INFO: Uvicorn running on http://127.0.0.1:8001 (Press CTRL+C to quit)
INFO: 127.0.0.1:39658 - "POST /v1/chat/completions HTTP/1.1" 422 Unprocessable Entity
Exception in thread Thread-1:
Traceback (most recent call last):
File "/home/miniconda3/envs/mlc-chat/lib/python3.11/threading.py", line 1045, in _bootstrap_inner
self.run()
File "/home/miniconda3/envs/mlc-chat/lib/python3.11/threading.py", line 982, in run
self._target(*self._args, **self._kwargs)
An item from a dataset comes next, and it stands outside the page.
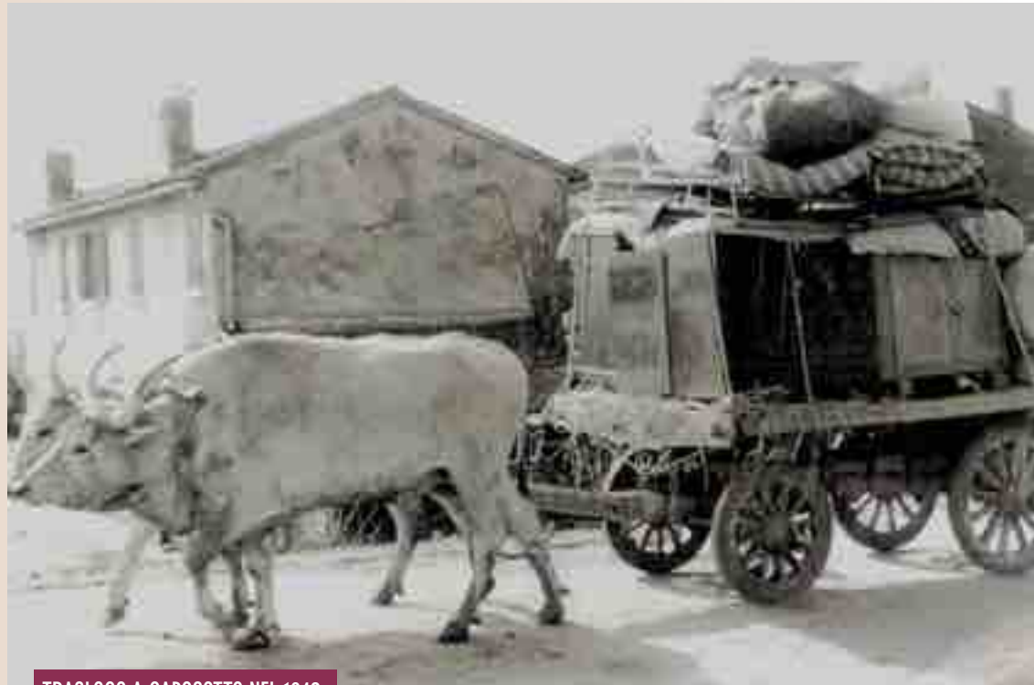
TRASLOCO A CAPOSOTTO NEL 1942

◆ Nel giorno di San Martino, l'undici di Novembre, giorno in cui, secondo la leggenda, dovrebbe splendere il sole per "l'estate di San Martino", ma che spesso è nebbioso e freddo, quando non è piovoso, fino alla fine degli anni '50 era consuetudine fare i traslochi. Era facile vedere lungo le strade ghiaiate carretti, carri e "caratèli" (carri agricoli per il trasporto di fieno e covoni con le ruote anteriori sterzanti) trainati da buoi o cavalli, carichi di masserizie della famiglia contadina che doveva abbandonare il podere alla scadenza del contratto di affitto o di mezzadria. Il trasloco da una cascina ad un'altra poteva avvenire per decisione volontaria, quindi per scelta del salariato di andare alle dipendenze di un altro padrone, oppure forzoso, quando subentravano cause di incompatibilità tra il datore di lavoro e il salariato. In questo caso era un grosso problema, specialmente quando il posto dove poter andare non era subito disponibile. Gli sfratti forzosi venivano sempre ordinati dal giudice ed eseguiti quasi sempre sotto il suo diretto controllo in fredde giornate, magari piovose, senza tener conto che nella famiglia dello sfrattato vi erano vecchi e spesso tanti bambini. Alla "legge" questo non interessava,

File "/home/mlc-llm/3rdparty/tvm/python/tvm/_ffi/_ctypes/packed_func.py", line 239, in __call__
raise_last_ffi_error()
File "/home/mlc-llm/3rdparty/tvm/python/tvm/_ffi/base.py", line 481, in raise_last_ffi_error
raise py_err
File "/home/mlc-llm/cpp/serve/threaded_engine.cc", line 182, in mlc::llm::serve::ThreadedEngineImpl::RunBackgroundLoop()
background_engine_->Step();
^^^^^^^^^^^^^^^^^^
File "/home/mlc-llm/cpp/serve/engine.cc", line 629, in mlc::llm::serve::EngineImpl::Step()
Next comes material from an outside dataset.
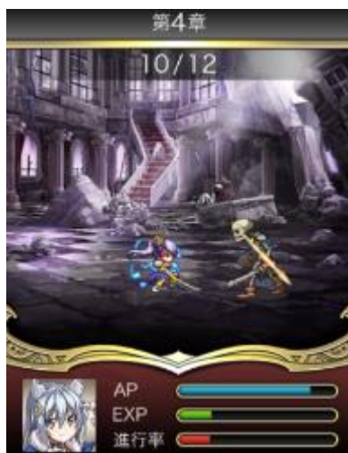
クエスト イメージ

CHECK(request_stream_callback_ != nullptr)
^^^^^^^^^^^^^^^^^^^^^^^^^^^
tvm.error.InternalError: Traceback (most recent call last):
1: mlc::llm::serve::ThreadedEngineImpl::RunBackgroundLoop()
at /home/mlc-llm/cpp/serve/threaded_engine.cc:182
0: mlc::llm::serve::EngineImpl::Step()
at /home/mlc-llm/cpp/serve/engine.cc:629
File "/home/mlc-llm/cpp/serve/engine.cc", line 640
InternalError: Check failed: (estate_->running_queue.empty()) is false: Internal assumption violated: It is expected that an engine step takes at least one action (e.g. prefill, decode, etc.) but it does not.
To Reproduce
Steps to reproduce the behavior:
python3 -m mlc_llm serve "/home/mlc-llm/dist/Llama-2-7b-chat-hf-q0f16" --model-lib "/home/mlc-llm/dist/libs/Llama-2-7b-chat-hf-q0f16.so" --additional-models "/home/mlc-llm/dist/TinyLlama-1.1B-Chat-v1.0-q4f16_1","/home/mlc-llm/dist/libs/TinyLlama-1.1B-Chat-v1.0-q4f16_1.so" "/home/mlc-llm/dist/TinyLlama-1.1B-Chat-v1.0-q0f16","/home/mlc-llm/dist/libs/TinyLlama-1.1B-Chat-v1.0-q0f16.so" --mode "server" --speculative-mode "small_draft" --port 8001
curl -X POST \
-H "Content-Type: application/json" \
-d '{
"model": "/home/mlc-llm/dist/Llama-2-7b-chat-hf-q0f16",
"additional-models": ["/home/mlc-llm/dist/TinyLlama-1.1B-Chat-v1.0-q4f16_1", "/home/mlc-llm/dist/TinyLlama-1.1B-Chat-v1.0-q0f16"],
"messages": [
{"role": "user", "content": "What is Alaska famous of? Please elaborate in detail."}
]
}' \
http://127.0.0.1:8001/v1/chat/completions
Expected behavior
Generate the response.
Environment
- Platform (e.g. WebGPU/Vulkan/IOS/Android/CUDA): CUDA 12.5
- Operating system (e.g. Ubuntu/Windows/MacOS/...): Ubuntu 22.04
- Device (e.g. iPhone 12 Pro, PC+RTX 3090, ...): RTX 4090
- How you installed MLC-LLM (
conda
, source): source - How you installed TVM-Unity (
pip
, source): source - Python version (e.g. 3.10): 3.11
- GPU driver version (if applicable):
- CUDA/cuDNN version (if applicable):
- TVM Unity Hash Tag (
python -c "import tvm; print('\n'.join(f'{k}: {v}' for k, v in tvm.support.libinfo().items()))"
, applicable if you compile models): - Any other relevant information:
Additional context
Ruihang Lai commented
Thank you @bethalianovike for reporting. Though the interface supports passing in multiple additional models, we only support one additional model for spec decoding right now. We will update the documentation to avoid this confusion.
Ruihang Lai commented
Updated docs in #2841. Multiple additional models is planned as a future feature to support.